··· THE INPUT ···
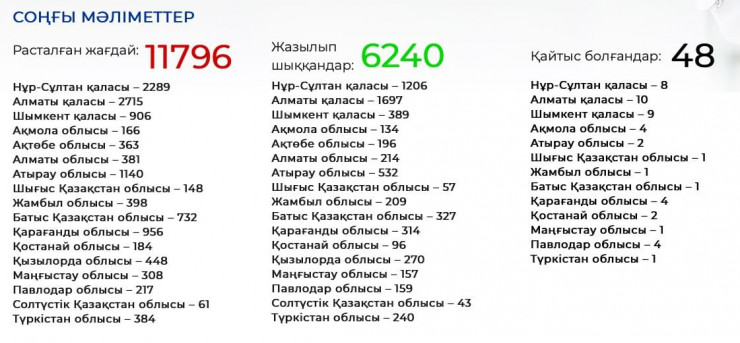 В Казахстане, по данным на вечер 3 июня, число подтвержденных случаев коронавируса составило 11 796, выздоровели 6240 человек, скончались 48 пациентов.
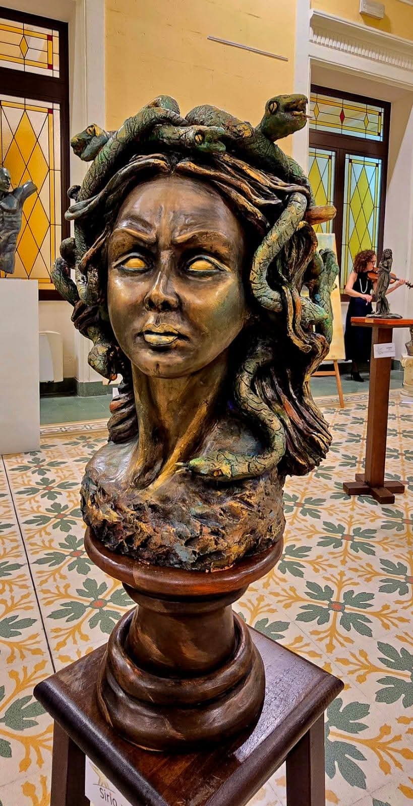 Presenti in sala anche alcune figure di rilievo quali la Critica d’Arte Sonia Demurtas e il Gallerista Francesco Logoteta. Le opere di Elvira Sirio dalla pittura su tela di juta riproducono, reinterpretandole, le sculture dell’antica Grecia, in primis i Bronzi di Riace, rappresentano un viaggio di riscatto del Mare Nostrum dalla tristezza della storia, alla riscoperta delle radici culturali magno-greche e classiche del territorio calabrese. Artisticamente si costituiscono come un dialogo ben riuscito tra archeologia e l’arte contemporanea. I lavori esposti nella Sala Boccioni hanno attratto il pubblico e destato vivo interesse.
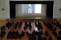 休憩を挟んで、今回のメインイベントである動画放映が行なわれました。各学科や部活動、各クラスから持ち寄られたオリジナルの動画を参加者全員で視聴しました。
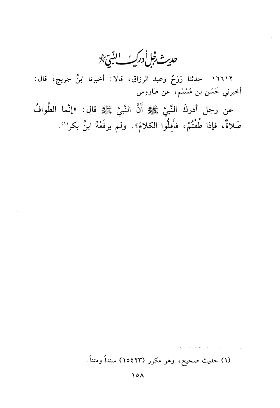 ١٦٦١٢ - حَدَّثَنَا رَوْحٌ، وَعَبْدُ الرَّزَّاقِ، قَالَا: أَخْبَرَنَا ابْنُ جُرَيْجٍ قَالَ: أَخْبَرَنِي حَسَنُ بْنُ مُسْلِمٍ، عَنْ طَاوُسٍ، عَنْ رَجُلٍ أَدْرَكَ النَّبِيَّ صَلَّى اللهُ عَلَيْهِ وَسَلَّمَ، أَنَّ النَّبِيَّ صَلَّى اللهُ عَلَيْهِ وَسَلَّمَ قَالَ: " إِنَّمَا الطَّوَافُ صَلَاةٌ، فَإِذَا طُفْتُمْ فَأَقِلُّوا الْكَلَامَ "، وَلَمْ يَرْفَعْهُ ابْنُ بَكْرٍ (١)
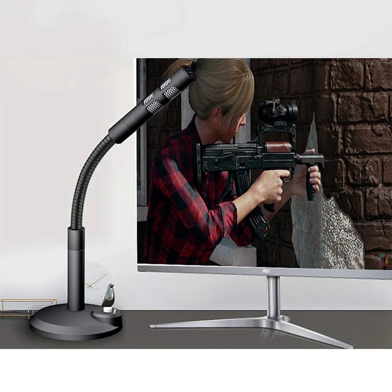 Гибкий дизайн гусиная шея-микрофон ПК позволяет регулировать идеальный угол, высоту или поворот для записи голоса. Кнопка включения/выключения устойчивой широкой стойки позволяет зафиксировать неожиданный шум.
···
WHAT IS EXPECTED: Repeat all the data as it stands, dropping any images it holds.

EXERCISE OUTPUT:
 В Казахстане, по данным на вечер 3 июня, число подтвержденных случаев коронавируса составило 11 796, выздоровели 6240 человек, скончались 48 пациентов.
 Presenti in sala anche alcune figure di rilievo quali la Critica d’Arte Sonia Demurtas e il Gallerista Francesco Logoteta. Le opere di Elvira Sirio dalla pittura su tela di juta riproducono, reinterpretandole, le sculture dell’antica Grecia, in primis i Bronzi di Riace, rappresentano un viaggio di riscatto del Mare Nostrum dalla tristezza della storia, alla riscoperta delle radici culturali magno-greche e classiche del territorio calabrese. Artisticamente si costituiscono come un dialogo ben riuscito tra archeologia e l’arte contemporanea. I lavori esposti nella Sala Boccioni hanno attratto il pubblico e destato vivo interesse.
 休憩を挟んで、今回のメインイベントである動画放映が行なわれました。各学科や部活動、各クラスから持ち寄られたオリジナルの動画を参加者全員で視聴しました。
 ١٦٦١٢ - حَدَّثَنَا رَوْحٌ، وَعَبْدُ الرَّزَّاقِ، قَالَا: أَخْبَرَنَا ابْنُ جُرَيْجٍ قَالَ: أَخْبَرَنِي حَسَنُ بْنُ مُسْلِمٍ، عَنْ طَاوُسٍ، عَنْ رَجُلٍ أَدْرَكَ النَّبِيَّ صَلَّى اللهُ عَلَيْهِ وَسَلَّمَ، أَنَّ النَّبِيَّ صَلَّى اللهُ عَلَيْهِ وَسَلَّمَ قَالَ: " إِنَّمَا الطَّوَافُ صَلَاةٌ، فَإِذَا طُفْتُمْ فَأَقِلُّوا الْكَلَامَ "، وَلَمْ يَرْفَعْهُ ابْنُ بَكْرٍ (١)
 Гибкий дизайн гусиная шея-микрофон ПК позволяет регулировать идеальный угол, высоту или поворот для записи голоса. Кнопка включения/выключения устойчивой широкой стойки позволяет зафиксировать неожиданный шум.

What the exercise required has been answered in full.